**Records for this exercise**
=== Section Start ===

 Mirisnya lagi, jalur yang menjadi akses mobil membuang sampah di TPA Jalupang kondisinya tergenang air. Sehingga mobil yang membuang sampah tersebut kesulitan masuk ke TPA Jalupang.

=== Section End ===
=== Section Start ===

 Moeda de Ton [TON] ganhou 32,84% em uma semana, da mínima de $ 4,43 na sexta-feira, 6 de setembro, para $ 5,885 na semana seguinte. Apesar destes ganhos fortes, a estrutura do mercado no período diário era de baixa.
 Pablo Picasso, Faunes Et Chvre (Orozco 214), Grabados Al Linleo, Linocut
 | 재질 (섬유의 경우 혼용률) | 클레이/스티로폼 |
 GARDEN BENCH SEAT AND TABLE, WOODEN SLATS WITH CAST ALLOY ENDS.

=== Section End ===

**The task**
In the listing above, find the line with "Moeda de Ton" and the line with "GARDEN BENCH SEAT"; output exactly those lines and all lines between them.

**Finished task**
 Moeda de Ton [TON] ganhou 32,84% em uma semana, da mínima de $ 4,43 na sexta-feira, 6 de setembro, para $ 5,885 na semana seguinte. Apesar destes ganhos fortes, a estrutura do mercado no período diário era de baixa.
 Pablo Picasso, Faunes Et Chvre (Orozco 214), Grabados Al Linleo, Linocut
 | 재질 (섬유의 경우 혼용률) | 클레이/스티로폼 |
 GARDEN BENCH SEAT AND TABLE, WOODEN SLATS WITH CAST ALLOY ENDS.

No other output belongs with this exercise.